Богословие документа ограничивается историческим обозрением, вполне добротным. Однако читатель ждет богословского осмысления современных реалий — как жить не в I-ом, не в IV-ом, не в XIX-ом, а в XXI-ом веке. Что означает приготовление к Причащению для жителя мегаполиса, проводящего много часов на работе, в транспорте? Должна ли семья в полном составе, с детьми и стариками, непременно участвовать во Всенощном бдении, вычитывать каноны и акафисты, чтобы не быть отрезанными от Евхаристии?
Без сомнения, нужна преамбула о значении приготовления как такового. В христианстве само время — будь то время человеческой жизни, или история всего человечества — есть ожидание и приготовление для встречи со Христом. Весь ритм церковной жизни есть ожидание и приготовление к Литургии, и, соответственно, к Причащению. Так христиане понимают, или, вернее сказать, ощущают смысл времени. “Подавай нам истее Тебе причащатися в невечернем дни Царствия Твоего”. Таким образом, приготовление к Причащению не может и не должно быть ограничено “чтением”, “участием” и другими отдельными действиями.
Документ констатирует, что “высокий идеал постоянной готовности к принятию Святых Таин оказался труднодостижим для многих христиан”. Тем не менее, отказ от этого идеала ведет к подмене большего меньшим, и вот перед нами уже не жизнь как ожидание Встречи, а формальный набор “условий”. Фраза о том, что “целью говения является не внешнее выполнение формальных условий, но обретение покаянного состояния души, искреннее прощение и примирение с ближними”, не слишком заметна в перечне этих “условий”.
Если и начинать разговор об этих условиях, следует непременно отметить, что, как я писал ранее в статье “Таинство исповеди: в поисках утраченного смысла”, опубликованной в июньском номере ЖМП, “евхаристическая дисциплина не предполагает облегченного приготовления к причащению со стороны священнослужителей. Напротив, священник призван более глубоко и вдумчиво, чем мирянин, готовиться к участию в таинстве Евхаристии.” Должен четко прозвучать тезис о том, что пастырь не должен возлагать на прихожан “бремена неудобоносимые”, наподобие трехдневного поста, которые сам он и не думал соблюдать. Вопреки тексту документа, во многих храмах и монастырях именно трехдневный, а не однодневный пост является общепринятой нормой. Документ почему-то не осуждает эту порочную и лицемерную практику. Кроме того, и однодневный пост в субботу не находит оправдания в литургическом богословии Православной Церкви, относясь к области “благочестивой самодеятельности”.

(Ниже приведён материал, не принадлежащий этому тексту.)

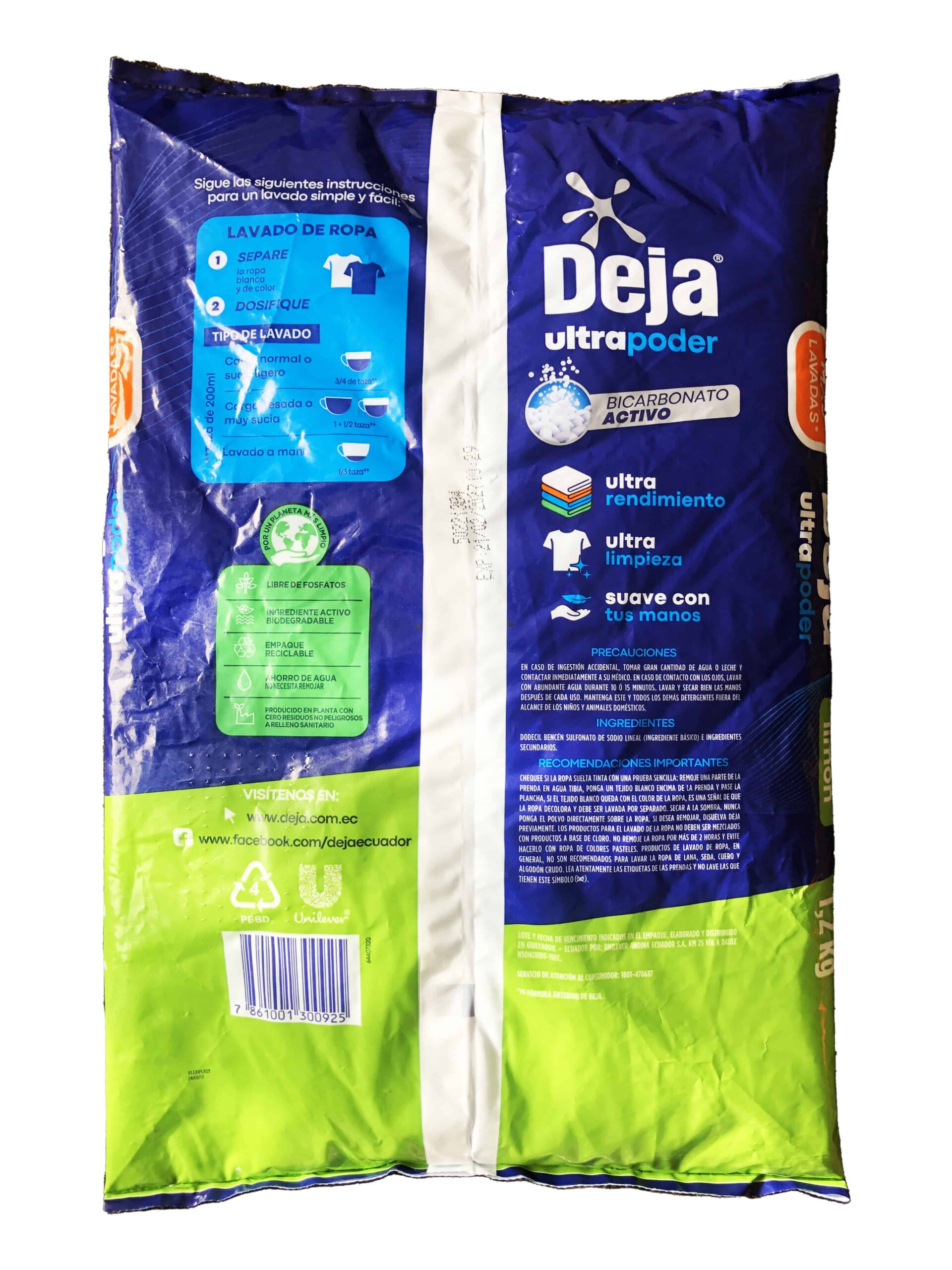 Detergente en polvo marca Deja Ultrapoder con bicarbonato activo, aroma a limón; funda de 1.2Kg

Полагаю, что избежать уклона в формализм было бы можно, включив в текст цитату из св. Иоанна Кронштадтского: “Некоторые поставляют все свое благополучие и исправность перед Богом в вычитывании всех положенных молитв, не обращая внимание на готовность сердца для Бога – на внутреннее исправление свое, например, многие так вычитывают правило к причащению. Между тем, здесь прежде всего надо смотреть на исправление и готовность сердца к принятию Святых Тайн. Если сердце право стало во утробе твоей, по милости Божией, если оно готово встретить Жениха, то и слава Богу, хотя и не успел ты вычитать всех молитв. «Царство Божие не в словеси, а в силе» (1 Кор. 4:20). Хорошо послушание во всем матери Церкви, но с благоразумием, и, если возможно, «могий вместити» – продолжительную молитву – «да вместит». Но «не вси вмещают словесе сего» (Мф. 19:11); если же продолжительная молитва несовместима с горячностью духа, лучше сотворить краткую, но горячую молитву. Припомним, что одно слово мытаря, от горячего сердца сказанное, оправдало его. Бог смотрит не на множество слов, а на расположение сердца. Главное дело – живая вера сердца и теплота раскаяния во грехах”.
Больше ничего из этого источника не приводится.